Of course, the Irish government was guilty of profligate spending, too. Its national debt exceeded 90% of GDP, and its budget deficit in 2009 totaled more than 14% of GDP. To receive the bailout, the Irish government agreed to a four-year plan to raise taxes and slash $20 billion from its spending, including a cut in welfare payments. Now, the Irish budget deficit is forecast to be 10% in 2011 and 8.6% in 2012. It doesn't appear $5 billion per year is nearly enough.
Up next... the Portuguese. They too had been denying their debt and deficit troubles. Like Greece and Ireland, the government overborrowed and overspent as its economy grew in the years leading up to the 2008 recession. In 2008, the country's external debt (money borrowed in foreign currency) ballooned from $272 billion to $460 billion, nearly a 70% increase. Its overall debt was more than 70% of GDP by the end of 2009. The budget deficit was 9.3% of GDP in 2009 and 9.1% in 2010. The situation was unsustainable.
Finally, on May 4, Portugal was bailed out. In exchange for a cash infusion of 78 billion euros over the next three years, Portugal has to decrease its budget deficit to 5.9% of GDP in 2011, 4.5% in 2012, and 3% in 2013.
Two days later, Greece suddenly re-entered the fray. News leaked that Greece was discussing leaving the euro. It roiled the markets, and the euro plummeted from $1.48 to less than $1.44 over the weekend.
Greek bonds now trade with yields greater than 20%, implying an imminent threat of default.
Europe has two possible courses of action... either will destroy the euro... while making us a nice profit.
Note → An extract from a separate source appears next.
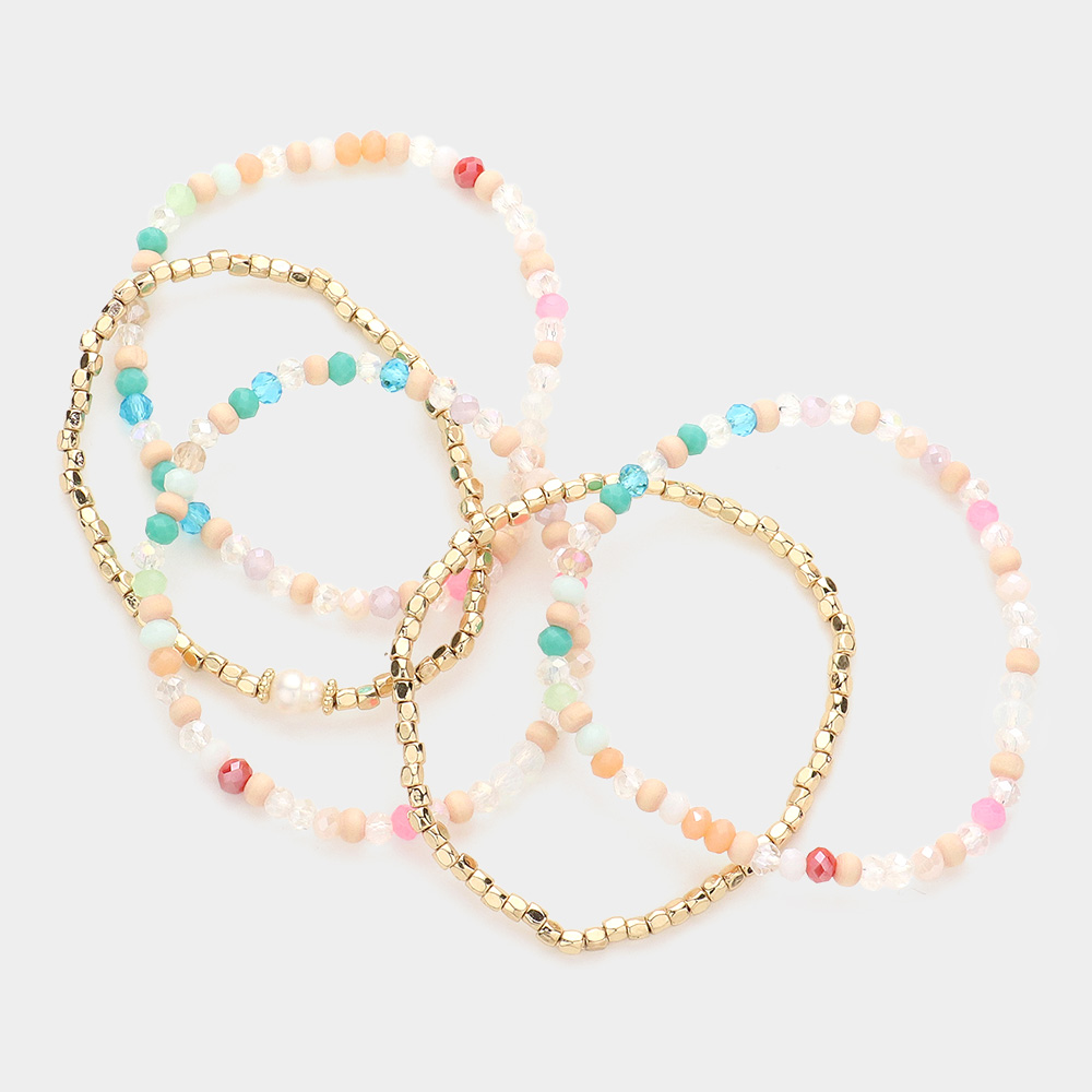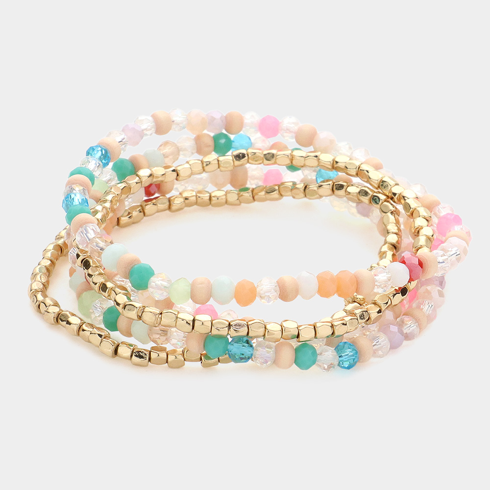 2PCS - Mixed Flat Wood Metal Faceted Beaded Stretch Multi Layered Bracelets
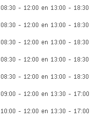 Koopzondagen, koopavonden en openingsuren voor de overige dagen deze week en volgende week kan je vinden in de tabel bovenaan deze pagina.

Either Way, the Euro Will Crater
The first course of action is for the ECB to buckle and give Greece another bailout. (Greece is looking for 30 billion euros.)
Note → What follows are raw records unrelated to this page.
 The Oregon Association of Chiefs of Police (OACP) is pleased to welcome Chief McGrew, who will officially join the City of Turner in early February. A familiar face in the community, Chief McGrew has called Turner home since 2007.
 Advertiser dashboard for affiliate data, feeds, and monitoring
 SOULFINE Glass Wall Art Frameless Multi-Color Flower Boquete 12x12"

If that happens, we will see the euro slide again. The reason is simple. A bailout means money-printing. That devalues a currency. It also reminds investors the strength of the currency they are holding is only as good as the strength of the economy behind it.
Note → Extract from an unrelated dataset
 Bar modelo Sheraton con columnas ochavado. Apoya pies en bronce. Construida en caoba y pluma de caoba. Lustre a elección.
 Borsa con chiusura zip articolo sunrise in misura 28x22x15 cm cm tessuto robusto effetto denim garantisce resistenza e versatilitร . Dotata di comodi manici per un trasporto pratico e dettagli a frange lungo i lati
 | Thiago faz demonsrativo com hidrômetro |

The ECB isn't doing so well. Greece is back for round two. Ireland and Portugal are suffering. This time, the euro may slide even further than $1.20. If Spain goes, look out below. As we've explained before, the euro bailout fund is nothing by empty promises from bankrupt countries. The only way to bail out Europe is to pull a "Bernanke" – print, baby, print.
Regardless of how the situation is handled, it won't solve Greece's problems. Greece has a solvency problem... not a liquidity problem it can fix with a few extra euros. The country is essentially bankrupt. You know about its debt and deficit quandary, but...
What's really hitting it in the mouth is its "business" keeps losing sales. The economy, heavily dependent on tourism and overseas shipping, is shrinking. Tourists are no longer going to Greece. The reports of how depressed most of the people are don't play well. The people who aren't depressed are angry and given to striking and rioting. Greece is not a place anyone wants to visit. The Greece-based shippers are losing business to competitors elsewhere, many of them based in Asia where growth is heating up.
Greece's economy shrank 2% in 2009 and 4% in 2010. In 2011, it is forecast to shrivel another 3%. Greece is on its way out of business. Who wants to lend money to a country going bankrupt? The Germans are tired of it. The Finns are raising hell, too. Without their votes, Greece isn't getting any ECB money... All 17 euro countries have to agree to a bailout.
This brings us to the second course of action: Greece leaves the euro. This is really the only ultimate course of action. It gives Greece one huge new advantage: It allows it to have its own currency that can be valued by the markets according to its specific economic conditions and managed by its own central bank.
Otherwise, Greece is left in a trap – along with the other 16 euro members – where currency adjustments are painful and made by political consensus among those whose interests and situations are completely alien. Greece is an economic disaster, Germany a juggernaut.